The French novelist and essayist Georges Bernanos (1888-1948) was concerned with the concrete reality of evil and with the struggle to achieve saintliness in an uncomprehending, hostile modern world. His work was Catholic in inspiration.
Georges Bernanos, born in Paris on Feb. 20, 1888, spent his childhood in a small village in the north of France. Between 1906 and 1913 he studied in Paris for degrees in arts and law and worked as a journalist for the extreme right-wing newspaper Action Française. He joined the army at the outbreak of World War I in 1914 and fought in the trenches. In the years after the war Bernanos suffered financial hardship, and only in his late 30s did he publish his first novel, Sous le soleil de Satan (1926; Under the Sun of Satan). This immediately successful novel deals with the struggles of a priest, Father Donissan, against the evil and temptation in the world around him and against his conviction of his own inadequacy. Further novels and polemical essays followed, the best-known being the novel Journal d'un curé de campagne (1936; The Diary of a Country Priest). In this book Bernanos treats the theme of saintliness. A young priest, living in poverty and slowly dying, remains faithful to his vocation despite his lack of success in fighting sin and evil in his parish. By complete self-sacrifice he achieves a degree of greatness of soul clearly regarded as saintly in quality.

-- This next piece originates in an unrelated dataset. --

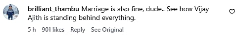 Reacting to the video, a netizen commented, "Great AI work...Ajith was in dubai on this date (sic)." Another Instagram user wrote, "Marriage is also fine, dude.. See how Vijay Ajith is standing behind everything (sic)."

During the 1930s Bernanos went to live on the Spanish island of Majorca, and during the Spanish Civil War of 1936-1939 he bitterly attacked the atrocities committed by the fascist side. In 1938 he left Europe for Paraguay and later Brazil, where he spent the years of World War II helping the cause of France with further books of political essays. In 1943 he published his last important novel, M. Ouine (The Open Mind). By now Bernanos's vision had become more violent, and the novel presents a somewhat incoherent picture of the corrupting influence of the schoolteacher Ouine, who is almost a personification of evil.
Bernanos's books draw their strength from his passionate sense of commitment and his refusal to compromise with complacent bourgeois attitudes. In his contempt for conformity and traditional values, he can be seen as a revolutionary—but of a very special kind, since his aims are not political but religious. His vision of a world corrupted by sin and dominated by evil is necessarily one of somewhat narrow appeal, and the hysteria and exaggeration that sometimes break through the surface of his religious novels give them an uneven quality which offsets their intensity.
In 1945 Bernanos returned to Paris, where he lived until his death in 1948.
A book on Bernanos in English is Peter Hebblethwaite, Bernanos (1965). Bernanos is discussed in Donat O'Donnell (pseudonym of Conor Cruise O'Brien), Maria Cross (1952), and by Ernest Beaumont in John Cruickshank, ed., The Novelist as Philosopher: Studies in French Fiction, 1935-1960 (1962).
Speaight, Robert, Georges Bernanos; a study of the man and the writer, New York, Liveright 1974.